How to complete this task:
Exclude the pictures and transcribe the rest of the data below exactly.

The data:
———

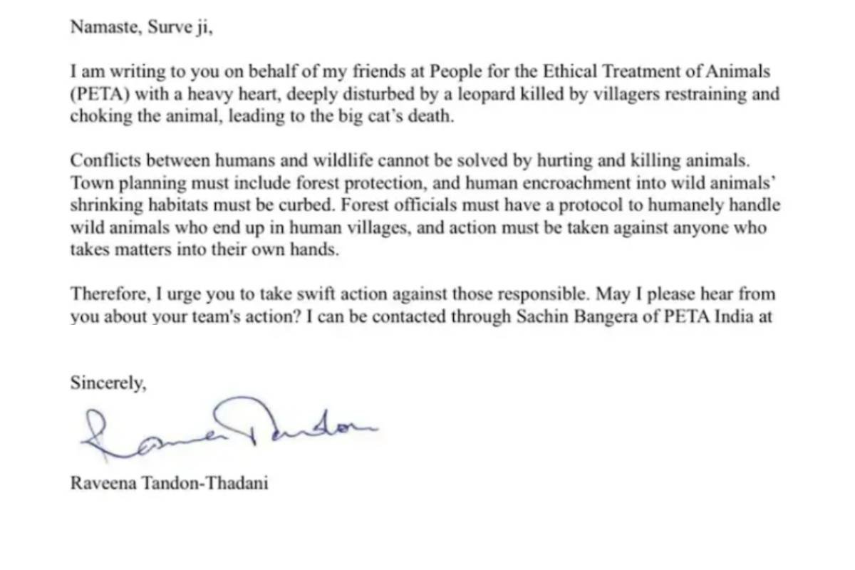 In her letter, Raveena Tandon emphasized the need for humane solutions to human-wildlife conflicts. “Conflicts between humans and wildlife cannot be solved by hurting and killing animals. Town planning must include forest protection and human encroachment into wild animals’ shrinking habitats must be curbed,” she wrote. Tandon also stressed the importance of forest officials having protocols to humanely handle wild animals that end up in human villages and taking action against those who take matters into their own hands.
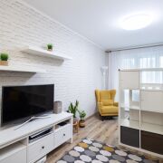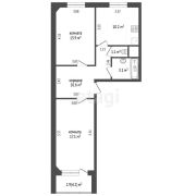 Кухня -10,2 м.кв, гостиная – 17,9 м.кв., изолированная комната – 13,9 м.кв., ванна – 3,1 м.кв., туалет – 1,1 м.кв., прихожая – 10,6 м.кв. с большим встроенным шкафом.
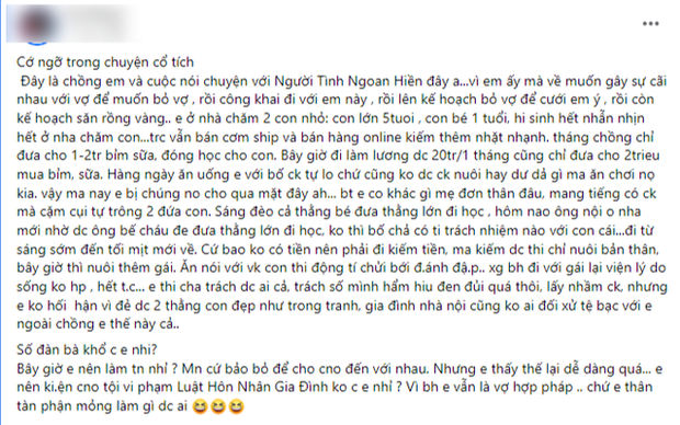 Vụ ngoại tình tréo ngoe mới đây đã trở thành từ khóa nóng nhất mạng xã hội. Drama thu hút rất nhiều sự quan tâm vì những đoạn tin nhắn mùi mẫn được công khai. Theo như những chia sẻ từ người vợ có tên T.P, tổ ấm của cô hiện có 2 đứa con kháu khỉnh, một bé 5 tuổi, một bé 1 tuổi.
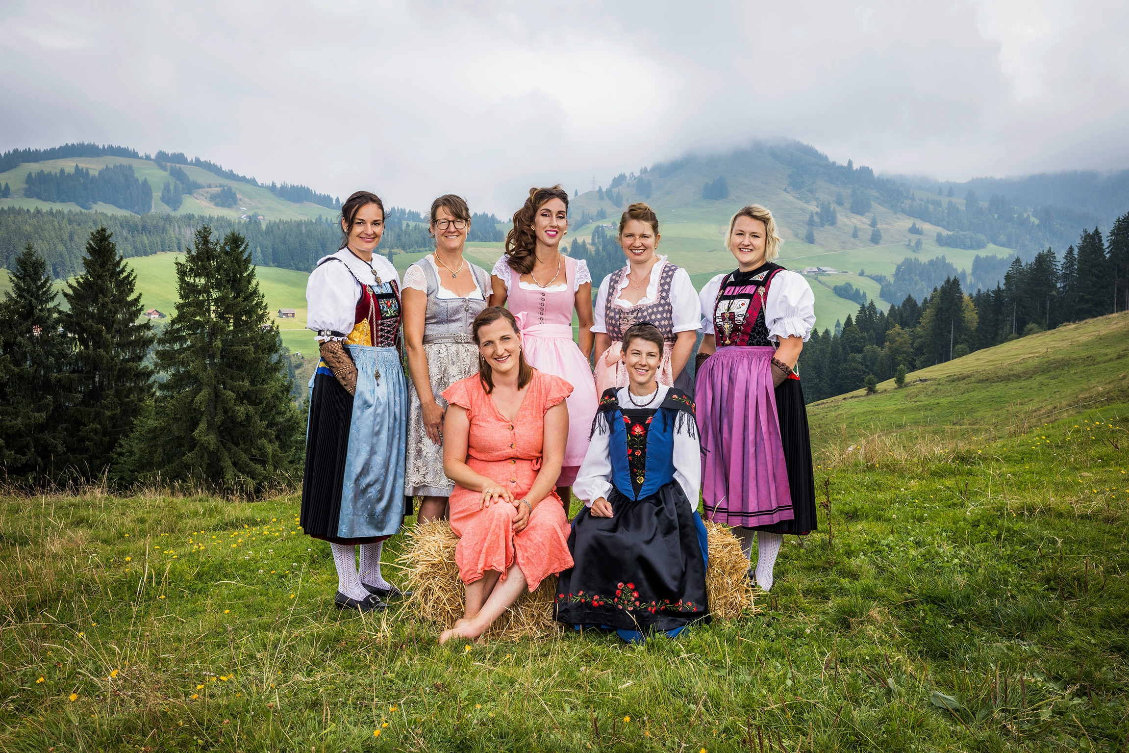 Kandidatinnen der 19. Staffel: Landfrauen: (hinten v.l.) Irène Meier, Karin Landolt, Corina Kohler, Milena Knutti, Lorena Röösli; (vorne v.l.) Stefanie Hitz-Leuenberger, Rahel Margreth

———

Solution for this task:
 In her letter, Raveena Tandon emphasized the need for humane solutions to human-wildlife conflicts. “Conflicts between humans and wildlife cannot be solved by hurting and killing animals. Town planning must include forest protection and human encroachment into wild animals’ shrinking habitats must be curbed,” she wrote. Tandon also stressed the importance of forest officials having protocols to humanely handle wild animals that end up in human villages and taking action against those who take matters into their own hands.
 Кухня -10,2 м.кв, гостиная – 17,9 м.кв., изолированная комната – 13,9 м.кв., ванна – 3,1 м.кв., туалет – 1,1 м.кв., прихожая – 10,6 м.кв. с большим встроенным шкафом.
 Vụ ngoại tình tréo ngoe mới đây đã trở thành từ khóa nóng nhất mạng xã hội. Drama thu hút rất nhiều sự quan tâm vì những đoạn tin nhắn mùi mẫn được công khai. Theo như những chia sẻ từ người vợ có tên T.P, tổ ấm của cô hiện có 2 đứa con kháu khỉnh, một bé 5 tuổi, một bé 1 tuổi.
 Kandidatinnen der 19. Staffel: Landfrauen: (hinten v.l.) Irène Meier, Karin Landolt, Corina Kohler, Milena Knutti, Lorena Röösli; (vorne v.l.) Stefanie Hitz-Leuenberger, Rahel Margreth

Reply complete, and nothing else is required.